Return the material below exactly, but only from the line with "10月23日,学生第三党支部" through the line with "Цвет #F19434 в", and without its pictures.
[Task input Boundary: Start]
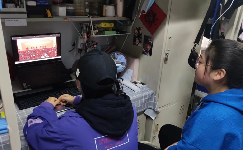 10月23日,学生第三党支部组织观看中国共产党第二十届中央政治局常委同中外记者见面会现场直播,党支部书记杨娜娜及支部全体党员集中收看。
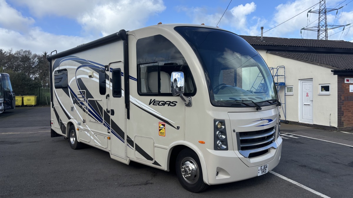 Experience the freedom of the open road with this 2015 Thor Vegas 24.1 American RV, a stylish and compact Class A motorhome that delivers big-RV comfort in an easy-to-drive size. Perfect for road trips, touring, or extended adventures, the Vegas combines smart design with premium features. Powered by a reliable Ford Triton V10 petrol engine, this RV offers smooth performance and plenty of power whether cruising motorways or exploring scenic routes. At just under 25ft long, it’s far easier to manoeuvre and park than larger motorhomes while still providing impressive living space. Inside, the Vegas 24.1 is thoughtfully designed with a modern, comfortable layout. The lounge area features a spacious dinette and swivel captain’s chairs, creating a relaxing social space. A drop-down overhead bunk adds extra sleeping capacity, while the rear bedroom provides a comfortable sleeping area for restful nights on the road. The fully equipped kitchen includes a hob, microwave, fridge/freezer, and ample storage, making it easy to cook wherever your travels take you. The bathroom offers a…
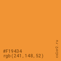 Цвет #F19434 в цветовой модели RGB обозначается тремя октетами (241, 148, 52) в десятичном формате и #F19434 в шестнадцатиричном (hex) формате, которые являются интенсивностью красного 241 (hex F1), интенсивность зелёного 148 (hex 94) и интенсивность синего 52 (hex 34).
[Task input Boundary: End]
[Task input Boundary: Start]
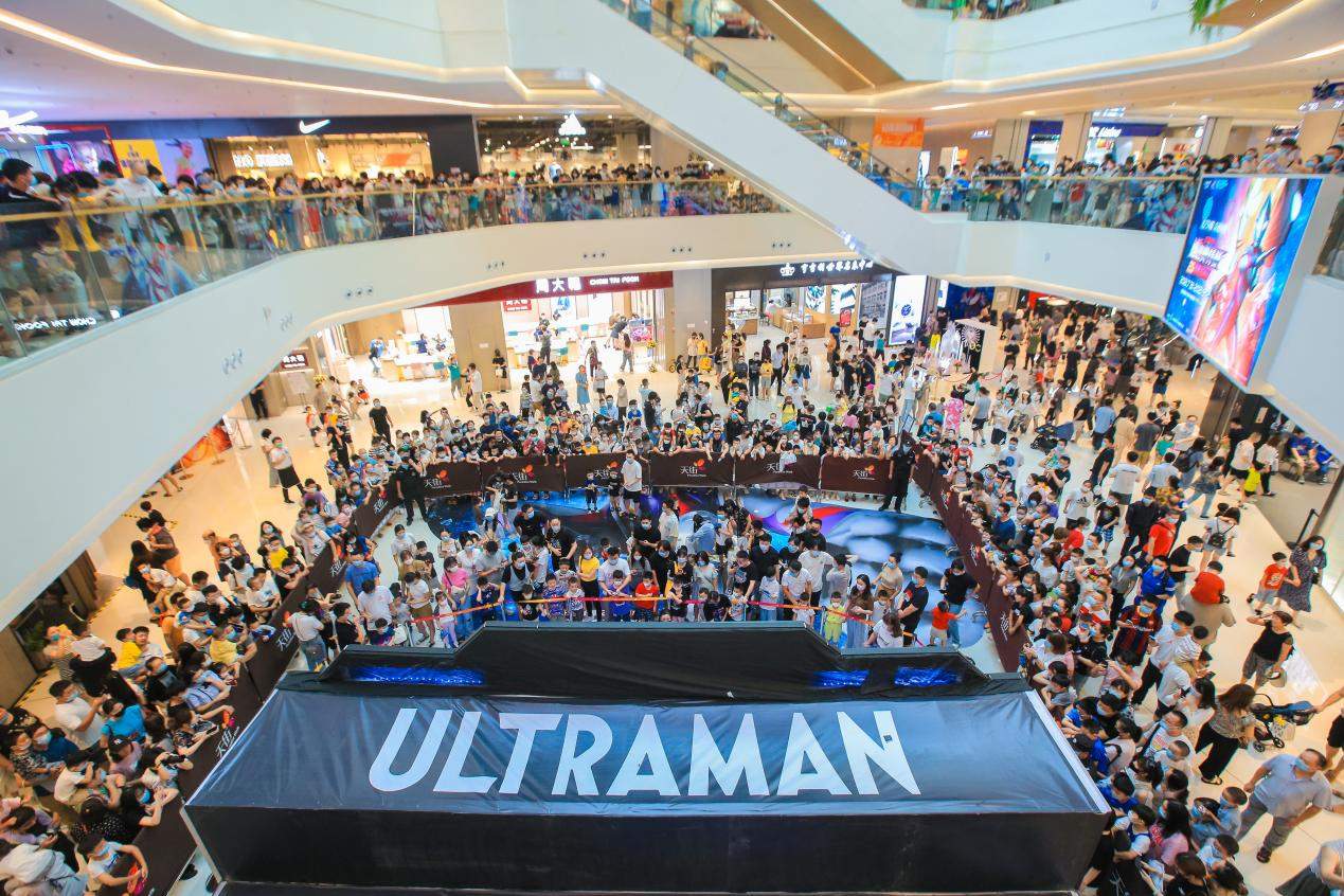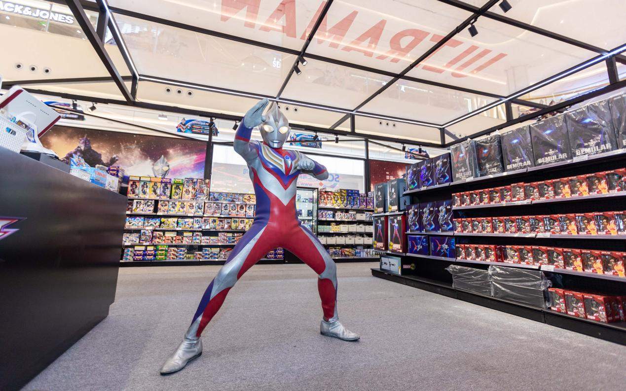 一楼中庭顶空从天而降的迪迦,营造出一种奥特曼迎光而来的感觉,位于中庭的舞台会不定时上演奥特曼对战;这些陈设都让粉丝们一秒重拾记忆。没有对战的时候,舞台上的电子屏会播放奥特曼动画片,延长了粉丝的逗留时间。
[Task input Boundary: End]
- Final answer -
 10月23日,学生第三党支部组织观看中国共产党第二十届中央政治局常委同中外记者见面会现场直播,党支部书记杨娜娜及支部全体党员集中收看。
 Experience the freedom of the open road with this 2015 Thor Vegas 24.1 American RV, a stylish and compact Class A motorhome that delivers big-RV comfort in an easy-to-drive size. Perfect for road trips, touring, or extended adventures, the Vegas combines smart design with premium features. Powered by a reliable Ford Triton V10 petrol engine, this RV offers smooth performance and plenty of power whether cruising motorways or exploring scenic routes. At just under 25ft long, it’s far easier to manoeuvre and park than larger motorhomes while still providing impressive living space. Inside, the Vegas 24.1 is thoughtfully designed with a modern, comfortable layout. The lounge area features a spacious dinette and swivel captain’s chairs, creating a relaxing social space. A drop-down overhead bunk adds extra sleeping capacity, while the rear bedroom provides a comfortable sleeping area for restful nights on the road. The fully equipped kitchen includes a hob, microwave, fridge/freezer, and ample storage, making it easy to cook wherever your travels take you. The bathroom offers a…
 Цвет #F19434 в цветовой модели RGB обозначается тремя октетами (241, 148, 52) в десятичном формате и #F19434 в шестнадцатиричном (hex) формате, которые являются интенсивностью красного 241 (hex F1), интенсивность зелёного 148 (hex 94) и интенсивность синего 52 (hex 34).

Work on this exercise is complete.